Shards reside on different Oracle instances, that may be of different releases (as long as the app is backward compatible with orlder Oracle DB versions)
The application believes there is only one Oracle instance: a sharded DB (SDB); but for better performances, it has to specify a shard-key (which is pretty much a partitioning key -e.g. customer ID, account nb, etc.) in the connection-string of the JDBC driver. The JDBC driver or connection pool will use this shard-key to provide a connection object for the relevant shard which contains the data pertinent to the required transaction [1] (i.e. not the whole Oracle instance). Note that there is a shard-routing-cache at the connection pool level.
Also, note that you could decide not to target the shards, by setting up a
coordinator node; but this involves reduced performances, as it is more likely that your transactions will span multiple shards.
Besides this targeting of a shard via the connection string, I think the DML queries (submitted by the apps) remain the same [2].

--

1: “In direct, key-based, routing to a shard, a connection is established to a single, relevant shard which contains the data pertinent to the required transaction using a sharding key.” [source]
2: ”
Once the session is established with a shard, all SQL queries and DMLs are supported and executed in the scope of the given shard.”  [source]
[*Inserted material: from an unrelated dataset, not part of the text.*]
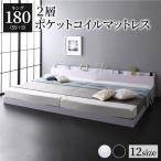 キング180(SS+S) 白 ブラック 連結 ローベッド 2層ポケットコイル キングサイズベッド コンセント 宮付 棚付 キングベッド フロアベッド マットレス付き 黒 ホワイト 照明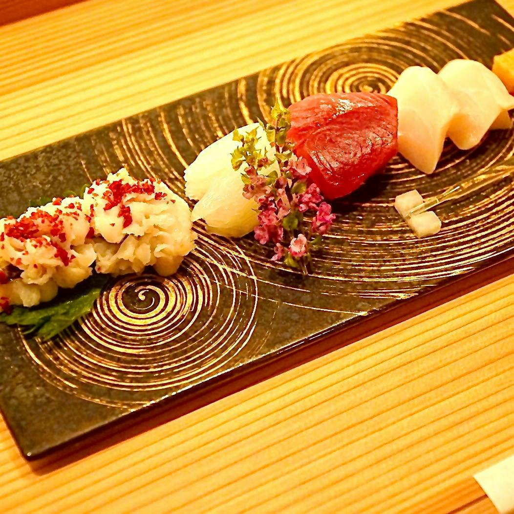 【西天満 桜会】でしか味わう事の出来ない新日本料理。伝統を重んじながらも新たな素材や技術を用いられた桜会の日本料理は、素材の本来の魅力が生かされ、目でも楽しめる盛り付けが魅力です。桜会の素材はどれも「本物」を追求した特別のオーダーメイド品です。従来の「日本料理の考え」にしばられる事なく、素材本来の魅力をいかに引き出すか試行錯誤を繰り返し、全く新しい切り口で料理を仕立てます。食材、器、空間、料理人の心意気、どれも疎かにできない大事なもの、そのひとつひとつにとことんこだわっています。

The DDL is changed: you will use a specific type of DDL (“CREATE SHARDED TABLE”); and will add some commonly accessed read-only tables to all your shards, to avoid having to access several shards for a single transaction. Those tables are called “duplicated tables” (“CREATE DUPLICATED TABLE”).
Duplicated tables are implemented under the hood thanks to materialized views.
You define your sharding according to principles similar to partitioning:
you can choose to have your data evenly and randomly distributed across shards, in order to ensure load balancing across your Oracle instances.
But you can also choose to first partition your tables based on a list (e.g. date, location) or range of rows in your table.

Licensing:

For a sharded database (SDB) with 3 or fewer primary shards (in contrast with replicated shards, thanks to DataGuard or Golden Gate), Oracle Sharding is included with EE (includes Data Guard). No limit on number of standby shards.
For an SDB with more than 3 primary shards, in addition to EE, all shards must be licensed either for Active Data Guard, Oracle GoldenGate or RAC.